The blog initiative added momentum to the existing Google Pack, a set of free, consumer-side security tools including Norton Security Scan, Spyware Doctor Starter Edition and aspects of Google Toolbar.
However, observers such as Jay Neely and Andy Beal have wondered whether Google would start replacing these third-party tools with in-house brands, which appears to be the case. In May, Google made the first of several purchases that add punch to its security portfolio, beginning with the anti-virus company GreenBorder.

GreenBorder allows an Internet browser to run in what Security Focus calls a “sandboxed environment to prevent malicious code from interacting with a user’s PC.” What users see is a green border around otherwise normal-looking Web browsers and email programs, signaling that whatever they are looking at is running in a virtual environment that’s isolated from their local PC or network. Trapped in the sandbox, malware has no opportunity to affect either.

This feature, considered much more aggressive than anti-virus programs that simply detect and notify about viruses, could buy Google Apps some serious traction, particularly among Windows, Outlook and Firefox users.

In June 2007, Google announced a Safe Browsing API that lets developers access extensive lists of malware and phishing sites, so as to exclude these URLs from whatever application the developer is building. The API also allows client applications to check such URLs against up-to-date lists of suspect pages, warn or bar users from clicking through to these links and even keep others from posting links to phishing pages on the client application’s site.

Finally, in July 2007, Google spent $625 million to buy Postini, a company that provides hosted security for email, SMS and other types of communications. Significantly, the company’s products also stop botnets, a major worry for anyone who doesn’t want their (or their company’s) entire network turned into a zombie that exists mainly to produce organ-enlargement spam.

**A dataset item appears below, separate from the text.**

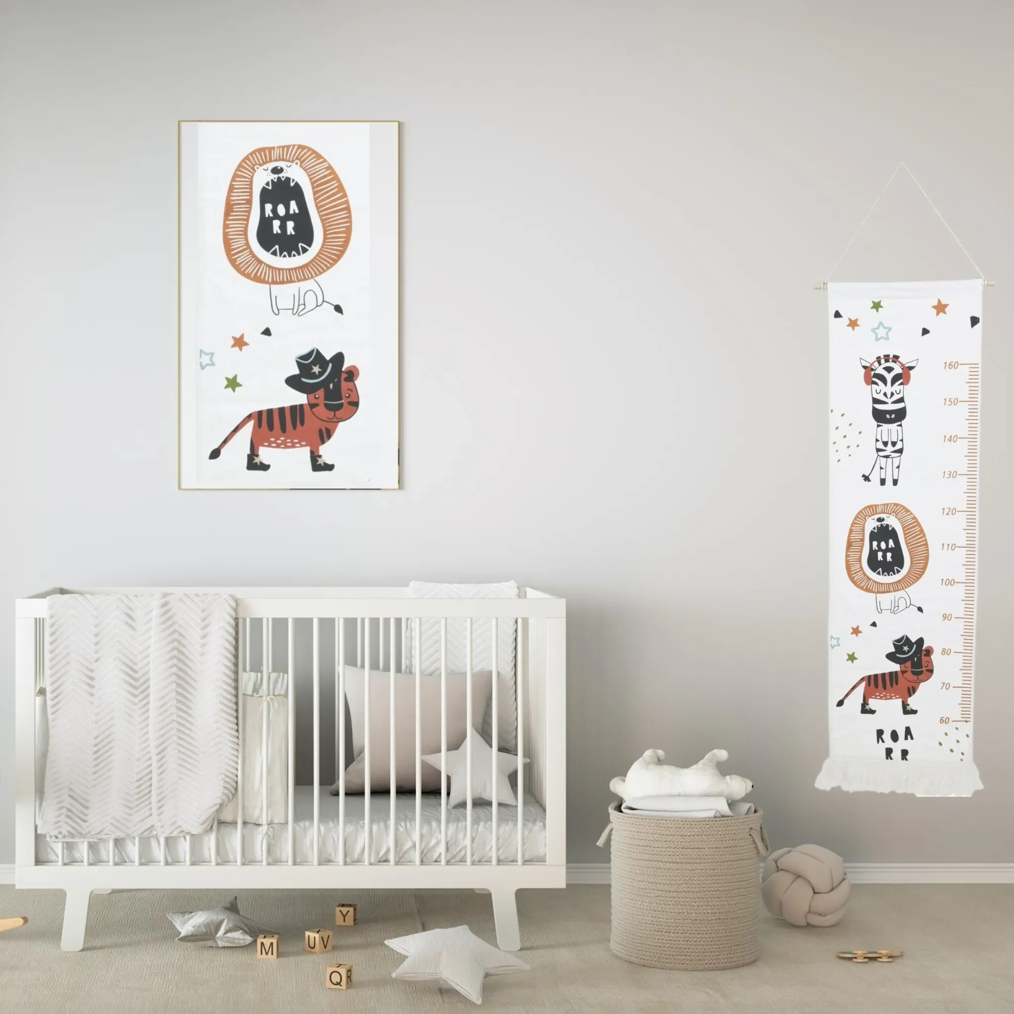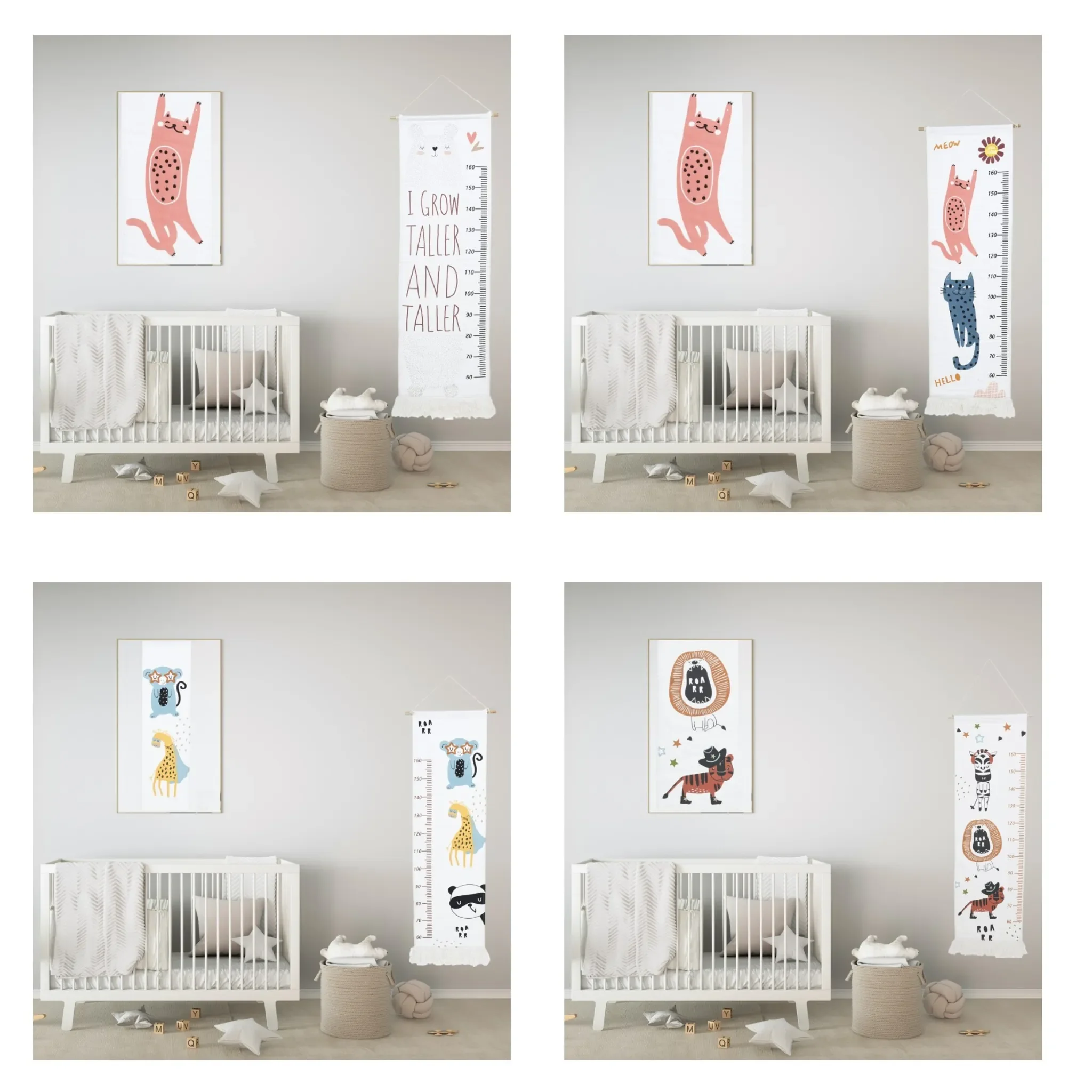 Diese dekorative Messlatte aus robustem Canvas ist eine stilvolle Möglichkeit, das Wachstum Ihres Kindes festzuhalten. Als Wandteppich gestaltet, verbindet sie Funktionalität mit einer liebevollen Kinderzimmer-Dekoration und wird so zu einer bleibenden Erinnerung.

This would include the roughly 100,000 businesses that Mountain View claims already use Google Apps.

Postini already provides its services to tens of thousands of businesses, meaning that getting some form of them ready for Google Apps is a matter of scale — as it always is when Google buys you — and not of doing something fundamentally different.

These purchases and initiatives all add up to a Google that is taking an aggressive, large-scale approach to security. Once the new companies and products are integrated, Google Apps’ attractiveness to consumers, developers and (not incidentally) advertisers, should also be secure.